Since the first commercial NCCOM became available from BoMed Medical Manufacturing in 1982, several comparative studies have been published. These cannot always be compared easily. A recent review summarised all available clinical studies.43 Overall, 34 studies were reviewed including 708 patients in 13 different patient categories. Most of these studies used earlier versions of the NCCOM3-R7. The NCCOM3-R7 was mostly compared with the thermodilution technique, and the majority of studies used a correlation coefficient to compare methods. Only a few studies applied the appropriate technique for analysing agreement between two methods: bias plot analysis and calculation of mean differences.44 Despite the difficulty in comparing the various studies, it was concluded that estimating cardiac output with impedance cardiography remains controversial. Only two studies compared the NCCOM3 (both using the NCCOM3-R6) with dye dilution.29 39 The study by O’Connell et alin children39 also showed poor agreement between the two methods. Nevertheless, by using a modification, the investigators were able to improve the agreement. Thomas29 did not apply the standard procedure for the assessment of dye dilution cardiac output, but rather used the less reliable earpiece densitometer. Like us, he studied five healthy volunteers and found an acceptable mean bias of −0.6 l/min. Except for the difference in methodology, a possible explanation for the discrepancy between his results and ours is the fact that in the study by Thomas resting cardiac output averaged 7.2 l/min, which, according to our data, is close at the point where dye dilution and impedance cardiography correlate best. Nevertheless, with higher cardiac output levels induced by exercise, his impedance data may also differ from −4 to +5 l/min from the dye values.

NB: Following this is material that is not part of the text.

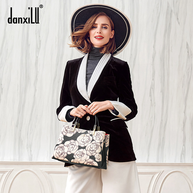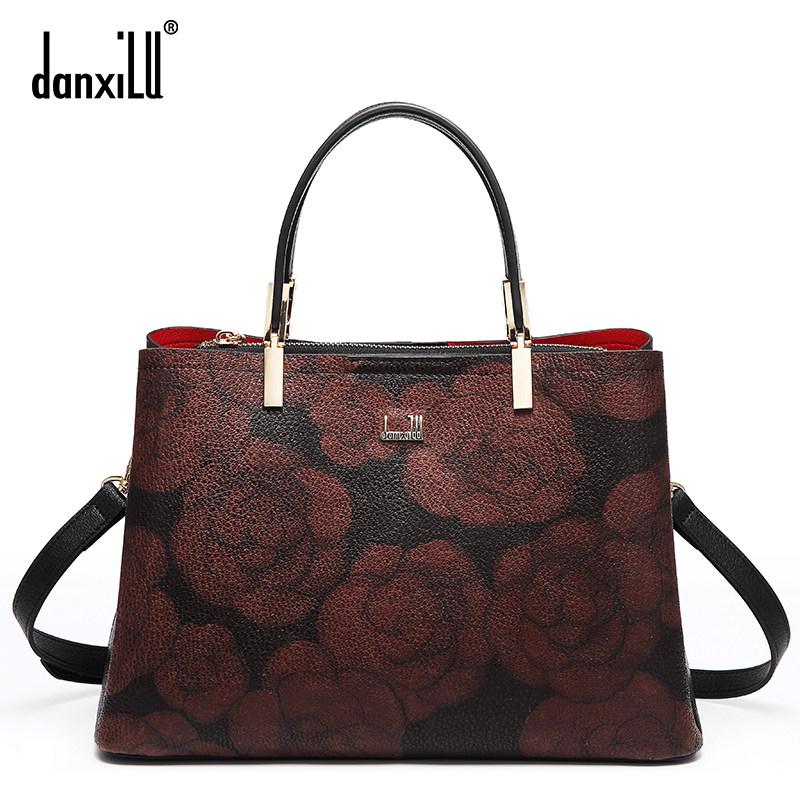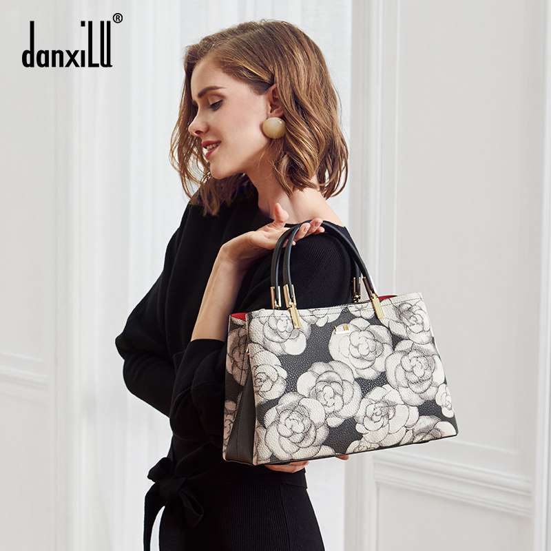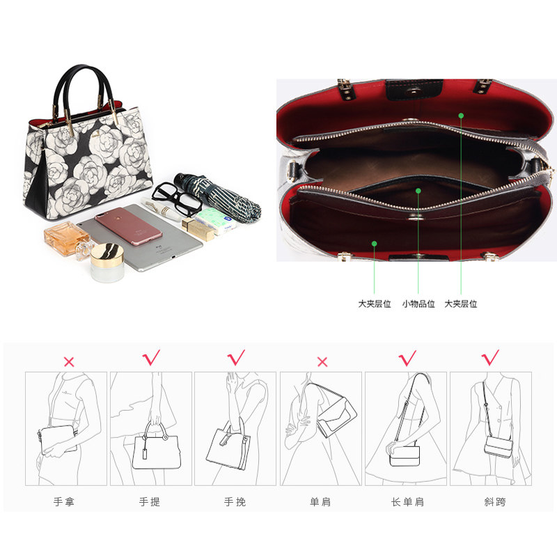 Tanshi Road Genuine Leather Women Bag 2020 New Fashion Mountain Tea Flowers Princess Bag Middle-aged Single Shoulder Slanted Satchel Bag of Bull Leather Bag

We can only speculate about the reasons why impedance cardiography fared so badly. However, the implicit assumptions related to this method have not been sufficiently tested in experimental models. The specific resistivity of blood may not be constant, and placement of electrodes may be more critical than has been thought. Finally, the Sramek-Bernstein approach probably causes specific problems, as we found the correlation between dye dilution and impedance cardiography according to Kubicek et al 2 to be much better.3
In conclusion, we found that in healthy volunteers impedance cardiography with the NCCOM3-R7 is inadequate for assessing cardiac output when compared with the dye dilution method.